Genetic variants in ATP6 and ND3 mitochondrial genes are not associated with aggressive prostate cancer in Mexican–Mestizo men with overweight or obesity

Mitochondrial defects have been related to obesity and prostate cancer. We investigated if Mexican–Mestizo men presenting this type of cancer, exhibited somatic mutations of ATP6 and/or ND3.Body mass index (BMI) was determined; the degree of prostate cancer aggressiveness was demarcated by the Gleason score. DNA from tumor tissue and from blood leukocytes was amplified by the polymerase chain reaction and ATP6 and ND3 were sequenced. We included 77 men: 20 had normal BMI, 38 were overweight and 19 had obesity; ages ranged from 52 to 83. After sequencing ATP6 and ND3, from DNA obtained from leukocytes and tumor tissue, we did not find any somatic mutations.
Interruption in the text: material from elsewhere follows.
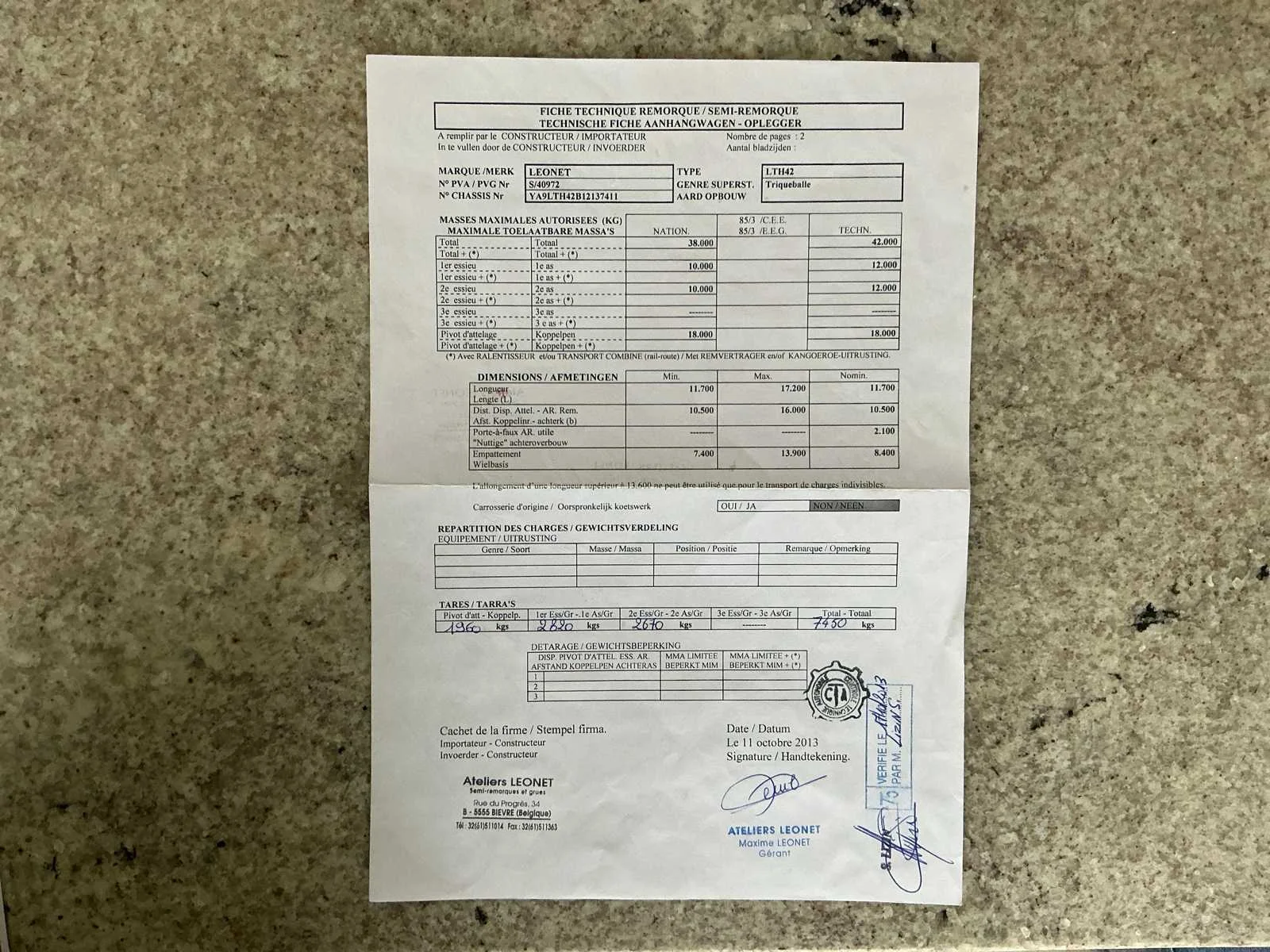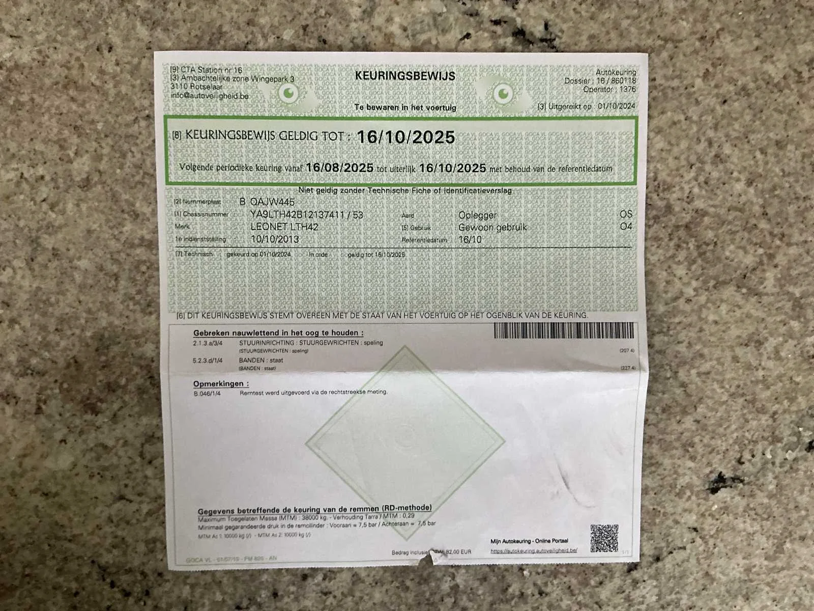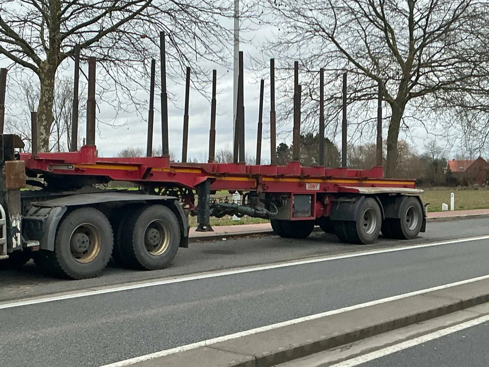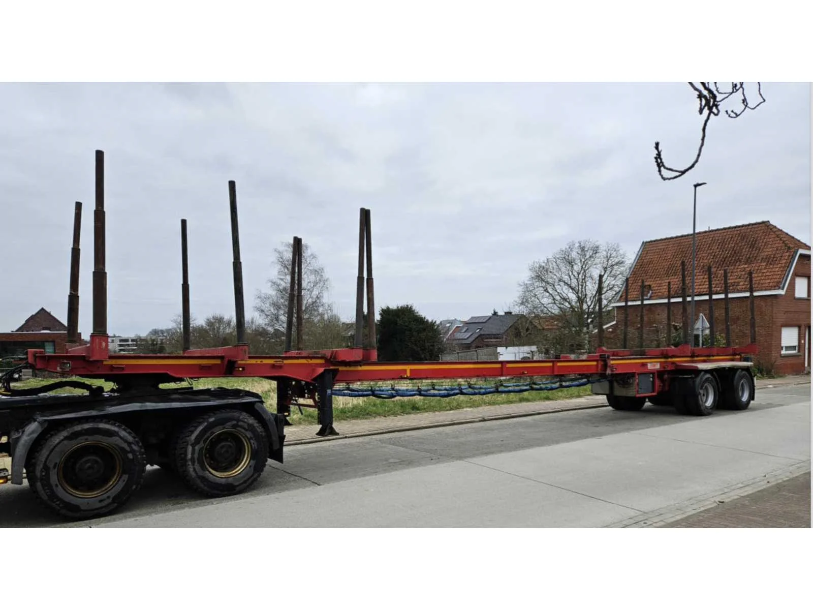 2013 Leonet LTH42 Oplegger - 2 hydraulische meesturende assen. - Boompalen In perfecte en recht staat. - telescopisch uitschuifbaar van 11,7M tot 17,2. - Technische aslast tot 12T. - Pneumatische ophanging - Beschikt over meerdere handige materiaalkoffers Deze praktische oplegger voor bomentransport is in uitstekende en perfect werkende staat, meteen inzetbaar voor het zware werk. Aangekoppelde vrachtwagen niet inbegrepen in dit lot. No Merk: Leonet Type: LTH42 Bouwjaar: 2013 Chassisnummer VIN: YA9LTH42B12137411 APK vervaldatum: 16/10/2025 Aantal assen: 2 Laadvermogen: 26910kg Eigen gewicht: 11090kg Totale afmeting L: 17200mm
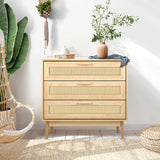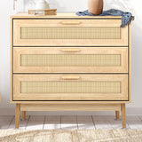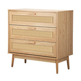 Features: Materials: particleboard, genuine rattan, powder-coated stainless steel, oak wood legs & handles, rubber foot pads Includes: 1 x chest of drawers Has three spacious drawers Easy to maintain & clean WARNING Children have died from furniture toppling over Always secure this furniture with an anchor deviceNever allow children to stand, climb or hang on drawers, doors, or shelvesNever open more than one drawer at a timePlace heavy items down lowNever place a television on this furniture

All changes observed, in both genes, were polymorphisms. In ATP6 we identified, in six patients, two non-synonymous nucleotide changes and in ND3 we observed that twelve patients presented non-synonymous polymorphisms. To our knowledge, this constitutes the first report where the complete sequences of the ATP6 and ND3 have been analyzed in Mexican–Mestizo men with prostate cancer and diverse BMI. Our results differ with those reported in Caucasian populations, possibly due to ethnic differences.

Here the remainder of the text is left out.